- The paper introduces PhySense, a benchmark that evaluates LLMs' ability to apply core physics principles through principle-based reasoning.
- It systematically tests 7 state-of-the-art LLMs on 380 novel physics problems using diverse prompting strategies to assess accuracy and token efficiency.
- Findings reveal that even reasoning-optimized models underperform compared to human experts, emphasizing the need for deeper integration of physical principles.
PhySense: Principle-Based Physics Reasoning Benchmarking for LLMs
Introduction
The paper, titled "PhySense: Principle-Based Physics Reasoning Benchmarking for LLMs," addresses a significant gap in the ability of LLMs to emulate the concise, principle-based reasoning that is characteristic of human experts, particularly in the domain of physics. Despite advancements in LLMs, these models often fail to apply core physical principles for efficient problem-solving, generating solutions that are lengthy and opaque. The paper introduces PhySense, a novel benchmark that aims to test LLMs' capacity to solve physics problems using principle-first reasoning, an approach that is typically straightforward for human physicists but challenging for LLMs.
Figure 1: Illustrating how LLMs use lengthy, complex reasoning for physics problems intuitively straightforward to scientists applying core physical concepts.
Benchmark Design and Methodology
Principle-Based Reasoning
PhySense is designed to systematically evaluate LLMs' use of physical principles such as symmetries, conservation laws, and dimensional analysis. Unlike other benchmarks that focus on domain-specific knowledge or complex calculations, PhySense presents problems that are easily solvable using simple principle-based reasoning. The dataset comprises 380 novel physics problems, categorized by difficulty levels—ranging from undergraduate to research-level complexity—but deliberately avoids advanced mathematical techniques or computationally intensive solutions.
Problem Categories and Models
The benchmark tests LLMs on 19 different problem models that encompass a wide range of physics principles. These include symmetry reasoning in two- and three-dimensional fields, infinite resistive lattice circuits, quantum spin chains, dimensional analysis, and topological phenomena in condensed matter physics. The selection of these models ensures a comprehensive assessment of an LLM's understanding and correct application of fundamental physics principles.
Experimental Setup
Models and Prompting Strategies
The experiment evaluates seven state-of-the-art LLMs, including both reasoning-optimized models and standard models, using three prompting strategies: zero-shot, hint, and no-computation prompts. These different approaches test the LLMs' innate problem-solving abilities, their capacity to utilize explicit guidance, and their ability to prioritize simpler, principle-driven solutions over complex computations.

Figure 2: Average accuracy across models.
Results and Analysis
Accuracy and Efficiency
The LLMs' performance is measured by accuracy and token usage, reflecting both the correctness of solutions and the computational resources expended. While reasoning models generally outperform non-reasoning counterparts, all models underperform compared to human physicists, both in terms of accuracy and efficiency. The results highlight significant deficiencies in token efficiency and principled application of physical laws across all evaluated models.
Prompt Impact and Model Comparison
The paper reveals minimal improvement in accuracy from auxiliary prompts, suggesting that LLMs' primary errors arise more from misapplication rather than a lack of awareness of physical principles.
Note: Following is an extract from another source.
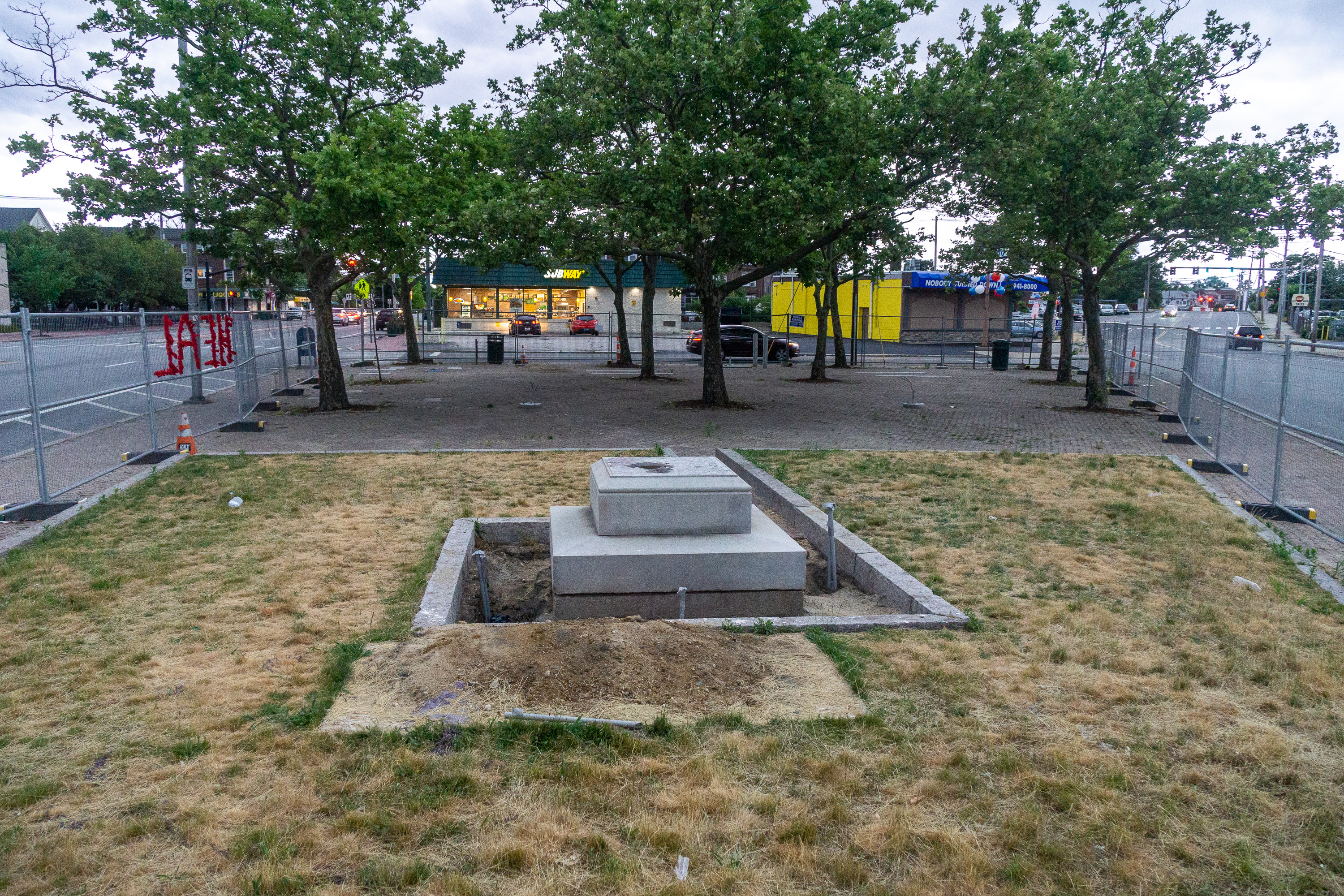 Former location of Bartholdi's Christopher Columbus statue in Columbus Square, Providence Rhode Island. The statue was removed June 25, 2020. Photo taken June 28.

Additionally, reasoning models demonstrate a better, albeit insufficient, grasp of applying these principles compared to non-reasoning models, which often default to superficial pattern recognition.
Conclusion and Future Directions
The introduction of PhySense represents a pivotal step in evaluating and improving principle-based reasoning in LLMs. Despite some superiority of reasoning models over their non-reasoning counterparts, there remains a substantial gap in performance relative to expert human reasoning. The paper suggests that future development should focus on deeper integration of principle-based thinking within LLMs, possibly through supervised fine-tuning or reinforcement learning. It offers critical insights for the design of LLMs with enhanced capabilities for efficient, robust, and interpretable scientific reasoning, essential for advancing AI's role in scientific discovery.